Later another type of hypersensitivity was manifested, in the form of urticaria, repeated episodes of anaphylaxis and angioedema, mostly in people who spent much time outdoors. They had eaten meat several hours earlier. Intradermal allergy testing for meat was strongly positive, and IgE for meat was found to be high. The IgE is directed against alpha-gal residues on the meat. This was therefore designated red meat allergy.
The areas from which red meat allergy was being reported overlapped the geographical distribution of cetuximab distribution and of tick bites. Researchers tested for the presence of IgE to alpha-gal in these patients, and it was found to be positive. In addition, there was a strong history of tick bite weeks or months before the onset of allergy. Following the bite, the level of IgE rose 4-10 times. The more itching the bite caused, the more likely it was to precipitate red meat allergy.
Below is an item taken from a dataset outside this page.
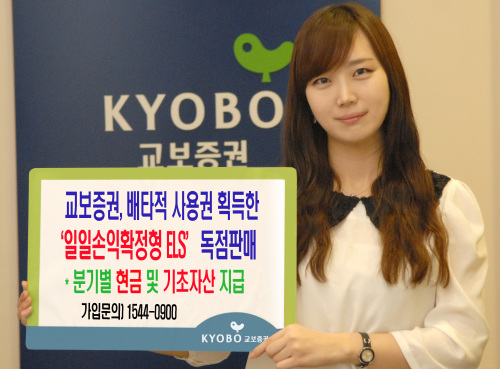 [뉴스핌=정경환 기자] 교보증권(대표 김해준)은 배타적 사용권을 획득한‘일일손익확정형 주가연계증권(ELS)' 원금비보장형 5종을 오는 22일 오후 1시 30분까지 독점 판매한다고 18일 밝혔다.

Tick Bites and Alpha-al Allergy
The relation of the tick bite to the causation of allergy to alpha-gal has been postulated to be due to one of the following ways:
- An unknown component in the tick saliva
- Partially digested mammalian non-primate glycosylated proteins or lipids in the tick’s stomach which are ejected into the next bite wound
- The presence of commensal organisms on the ticks which are responsible for the allergic reaction
The sensitization of the patient to the alpha-gal antigen site on the mammalian protein takes from 3-5 hours to manifest due to the delay in absorption of this oligosaccharide into the blood from the gut. Organ meats, especially pork kidneys, cause both more severe and more rapid onset of anaphylaxis.